= Task directions =
The following data has a line with "Ce portfolio rend" and a line with "In my updated". Write out exactly those lines and all the lines between them.

= Source material =
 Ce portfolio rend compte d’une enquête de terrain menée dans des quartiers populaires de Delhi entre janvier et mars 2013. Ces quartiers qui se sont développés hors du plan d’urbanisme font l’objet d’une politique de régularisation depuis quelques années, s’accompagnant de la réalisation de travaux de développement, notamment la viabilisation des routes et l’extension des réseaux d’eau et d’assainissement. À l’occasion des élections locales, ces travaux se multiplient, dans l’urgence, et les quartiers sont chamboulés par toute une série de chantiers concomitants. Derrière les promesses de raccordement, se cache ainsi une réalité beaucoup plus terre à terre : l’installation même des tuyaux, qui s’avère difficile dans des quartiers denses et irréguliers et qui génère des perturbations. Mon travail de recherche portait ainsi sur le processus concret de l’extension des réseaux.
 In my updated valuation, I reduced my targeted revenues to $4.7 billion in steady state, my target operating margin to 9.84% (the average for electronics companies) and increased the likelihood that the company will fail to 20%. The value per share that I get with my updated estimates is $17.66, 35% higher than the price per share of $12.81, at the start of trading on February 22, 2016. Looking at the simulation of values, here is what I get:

...

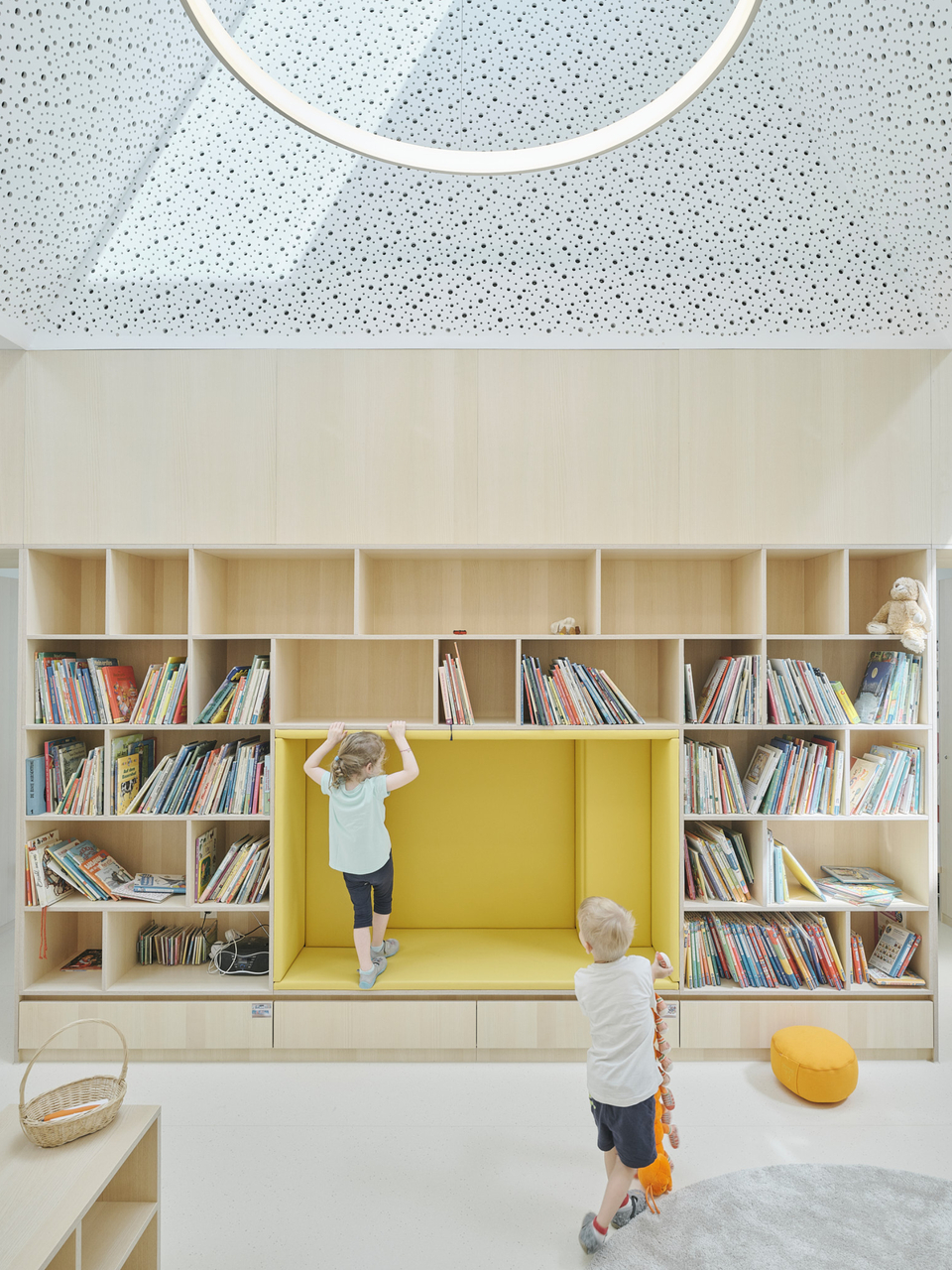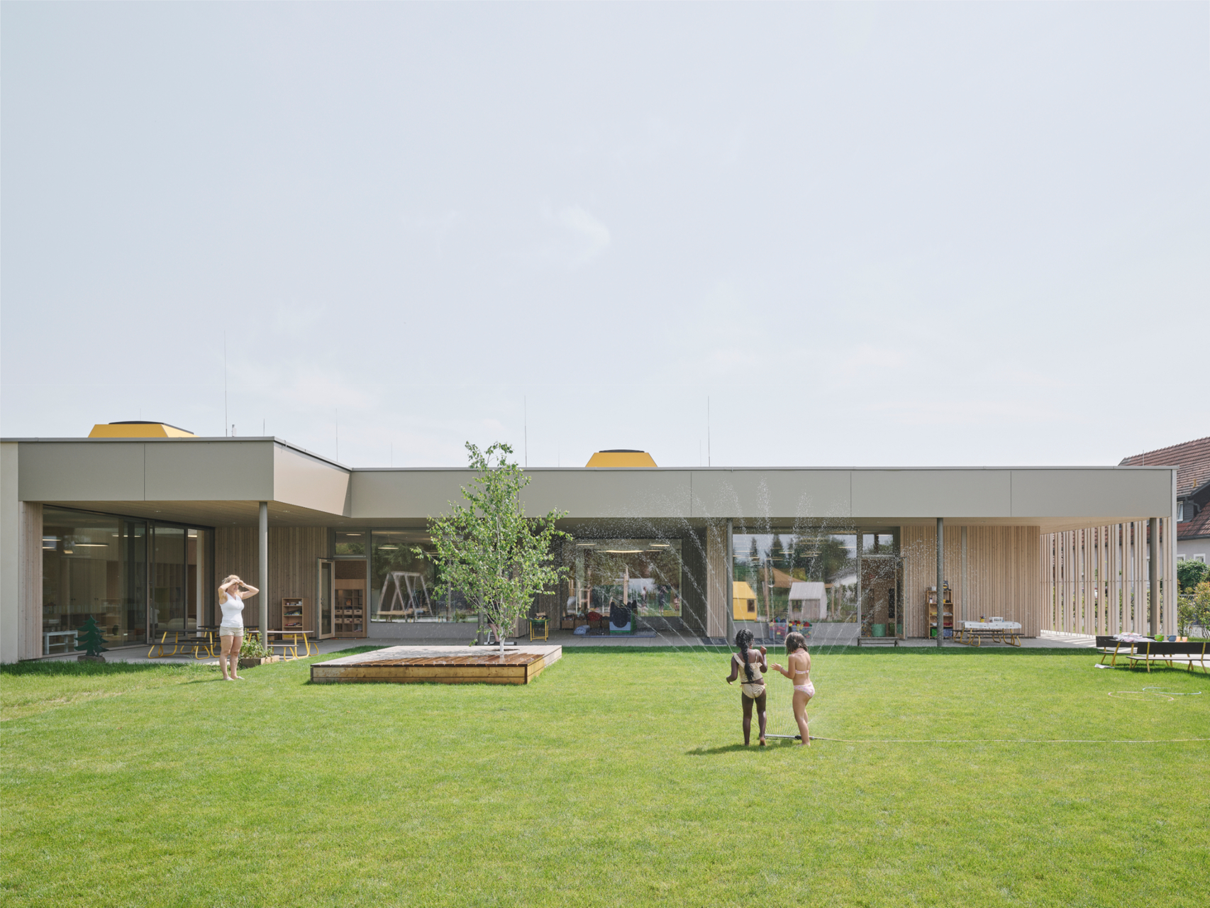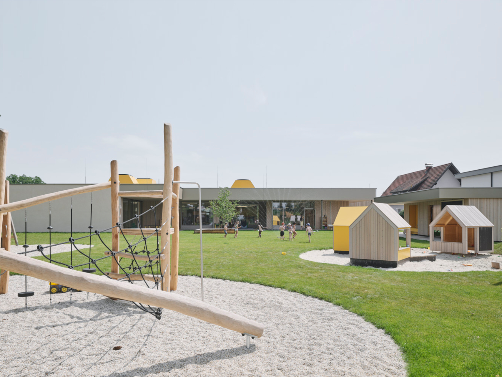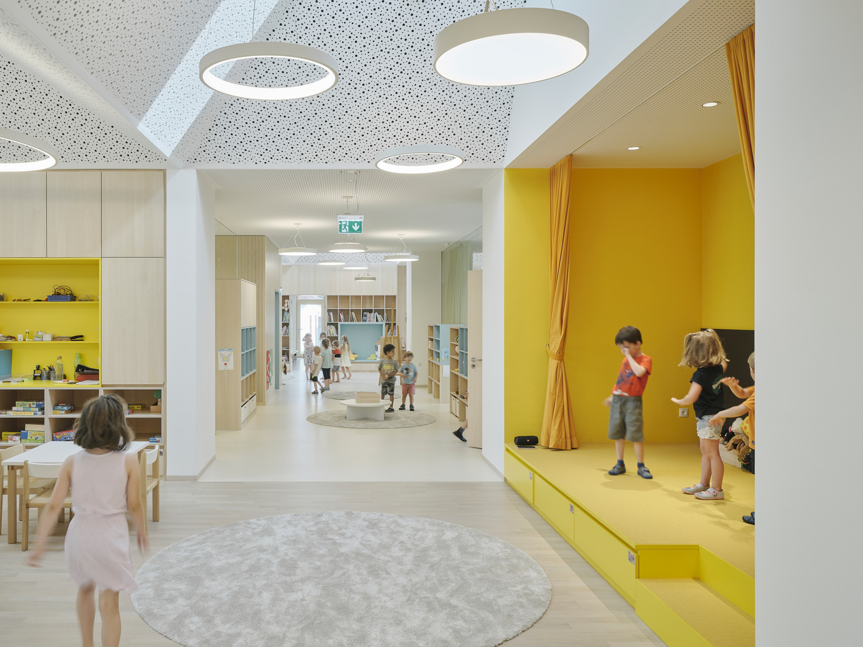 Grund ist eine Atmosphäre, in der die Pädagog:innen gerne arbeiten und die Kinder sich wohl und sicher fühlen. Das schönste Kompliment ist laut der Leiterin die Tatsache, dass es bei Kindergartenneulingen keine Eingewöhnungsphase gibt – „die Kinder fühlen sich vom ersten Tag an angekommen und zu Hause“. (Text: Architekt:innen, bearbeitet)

* * *

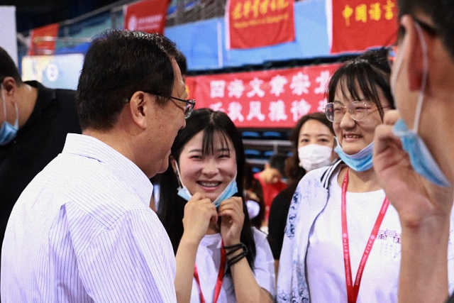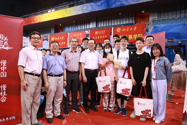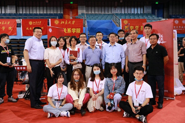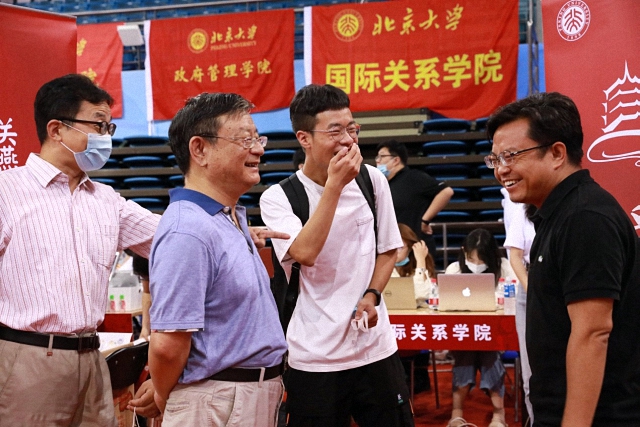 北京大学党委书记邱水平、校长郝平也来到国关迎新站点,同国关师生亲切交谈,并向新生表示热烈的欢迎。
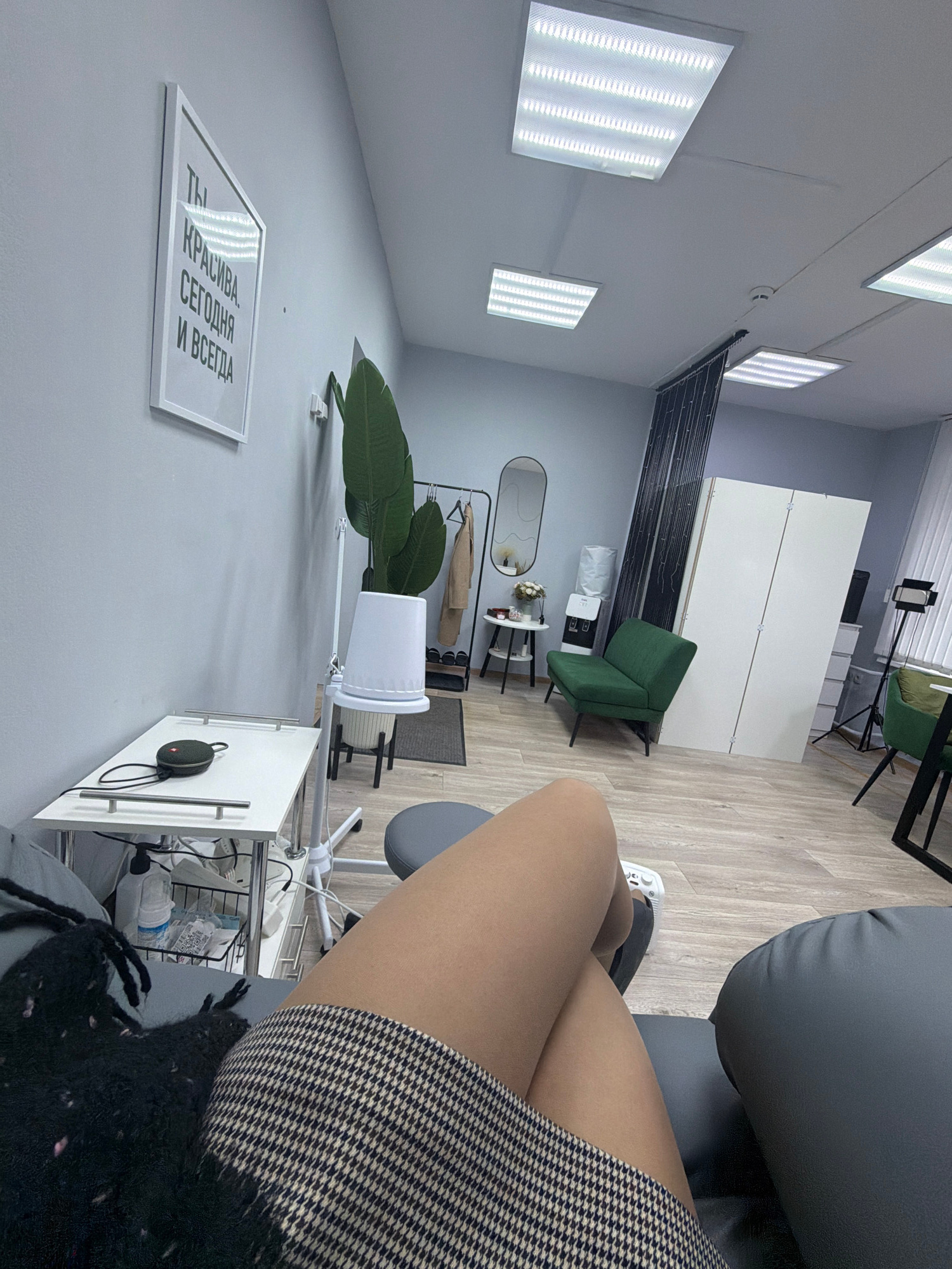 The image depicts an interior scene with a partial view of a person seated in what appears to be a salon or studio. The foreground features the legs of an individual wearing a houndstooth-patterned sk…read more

= Final answer =
 Ce portfolio rend compte d’une enquête de terrain menée dans des quartiers populaires de Delhi entre janvier et mars 2013. Ces quartiers qui se sont développés hors du plan d’urbanisme font l’objet d’une politique de régularisation depuis quelques années, s’accompagnant de la réalisation de travaux de développement, notamment la viabilisation des routes et l’extension des réseaux d’eau et d’assainissement. À l’occasion des élections locales, ces travaux se multiplient, dans l’urgence, et les quartiers sont chamboulés par toute une série de chantiers concomitants. Derrière les promesses de raccordement, se cache ainsi une réalité beaucoup plus terre à terre : l’installation même des tuyaux, qui s’avère difficile dans des quartiers denses et irréguliers et qui génère des perturbations. Mon travail de recherche portait ainsi sur le processus concret de l’extension des réseaux.
 In my updated valuation, I reduced my targeted revenues to $4.7 billion in steady state, my target operating margin to 9.84% (the average for electronics companies) and increased the likelihood that the company will fail to 20%. The value per share that I get with my updated estimates is $17.66, 35% higher than the price per share of $12.81, at the start of trading on February 22, 2016. Looking at the simulation of values, here is what I get:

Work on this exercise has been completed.